São Paulo – As questões sociais preocupam bem mais o brasileiro do que as
questões ambientais, aponta pesquisa do Programa Água Brasil, apresentada hoje
(28) durante a Reviravolta Expocatadores 2012, na capital paulista. Temas como
aquecimento global, acúmulo e descarte inapropriado de resíduos e contaminação
de rio e mananciais são apontados como principais problemas por apenas 7% dos
entrevistados. O estudo sobre o nível de consciência da população sobre práticas
sustentáveis foi encomendado ao Ibope. Quando questionados sobre os três principais problemas que afetam o país
atualmente, os temas mais recorrentes aos entrevistados foram saúde (70%),
desemprego (53%), fome (50%), corrupção (42%) e educação pública (39%). Temas
relacionados ao meio ambiente ficaram em penúltimo lugar, perdendo apenas para o
item economia global, que foi citado por 2% dos entrevistados. Participaram do
estudo 2.002 pessoas em todas as capitais e mais 73 municípios, em novembro do
ano passado. Para o coordenador de Programa Educação para Cidades Sustentáveis da
organização WWF Brasil, Fábio Cidrin Gama, os resultados indicam que será
necessária uma grande sensibilização para mudar a atitude do brasileiro em
relação ao tema, especialmente no momento em que o país se organiza para
implementar a Política Nacional de Resíduos Sólidos (PNRS). “A pesquisa mostra
que há esperança, mas para essa mudança. A gente vai ter que sensibilizar muito
toda a sociedade para que as pessoas assumam [a destinação correta do lixo] como
um hábito e um dever de cidadão”, destacou. Gama aponta que um dos aspectos mais positivos da pesquisa é a disposição do
brasileiro em participar da coleta seletiva. Por outro lado, ele lamenta que
ainda haja muito desconhecimento sobre a destinação correta do lixo e sobre o
papel que cada um deveria cumprir nesse processo. “Em relação ao símbolo da
reciclagem, os brasileiros acham simplesmente que tendo aquele símbolo o
material vai ser reciclado”, declarou.

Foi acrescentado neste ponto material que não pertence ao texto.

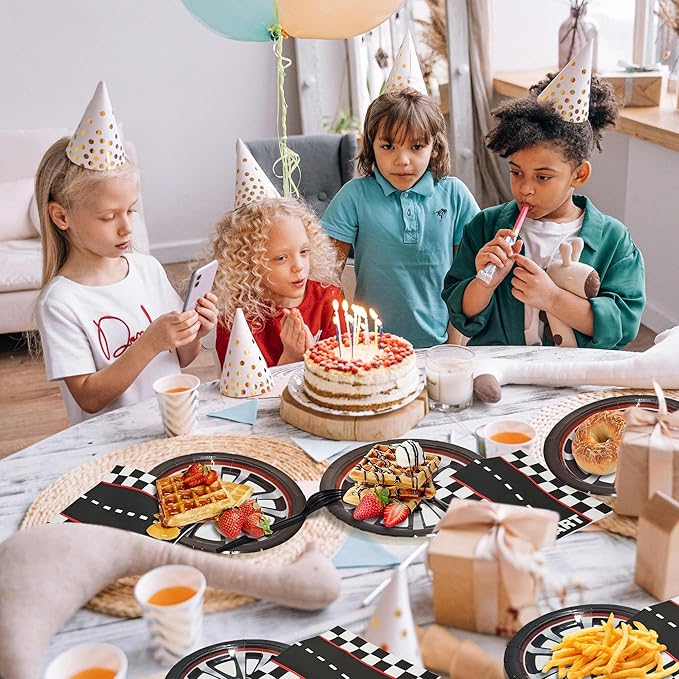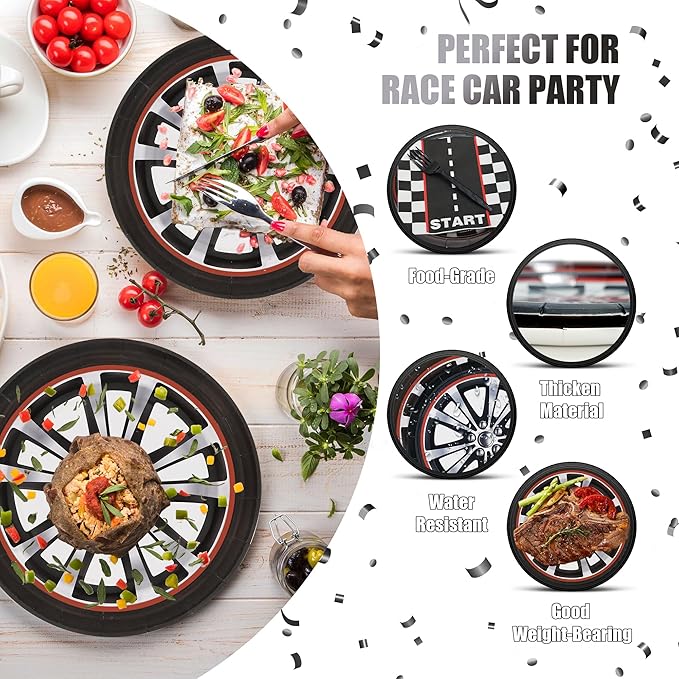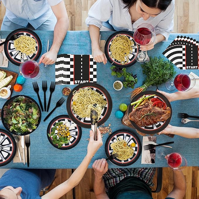 - 🏁[Serve 24] You will receive 24 race car dessert plates (7"), 24 race car charger plates (9"), 24 race car napkins and 24 forks. Enough for you to cater for up to 24 guests.

O coordenador destaca que para haver o
reaproveitamento do resíduo ainda são necessárias muitas etapas, como a própria
separação a ser feita pelo consumidor. A pesquisa mostra também que o brasileiro está disposto a assumir outras
atitudes sustentáveis, além da coleta seletiva. Cerca de 34% dos entrevistados
declararam que abririam mão de determinados produtos mesmo que interferisse na
sua comodidade. Percentual semelhante (33%) passaria a exigir aos fabricantes
soluções com intuito de que o produto tivesse menor impacto no meio ambiente.

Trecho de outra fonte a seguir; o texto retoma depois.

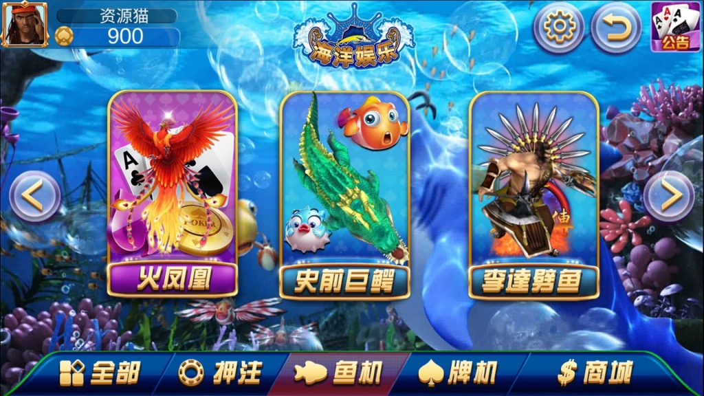 捕鱼:史前巨鳄、李逵劈鱼、金蝉捕鱼、摇钱树;

Ainda é baixo, no entanto, a quantidade de pessoas (23%) que não comprariam
materiais que não fossem recicláveis ou reutilizáveis. Para Severino Lima Júnior, membro do Movimento Nacional de Catadores de Rua
(MNCR), a pesquisa destaca o papel do catador de rua na cadeia de reciclagem no
Brasil, já que 26% dos entrevistados apontam que eles são os responsáveis pela
coleta seletiva. Para metade (50%), ela é feita pelas prefeituras e 12% apontam
as cooperativas. “Isso mostra que o modelo adotado no país tem potencial para
ser mais exitoso do que outros formatos faraônicos, defendidos por alguns, como
a participação de grandes empresas de reciclagem”, defende.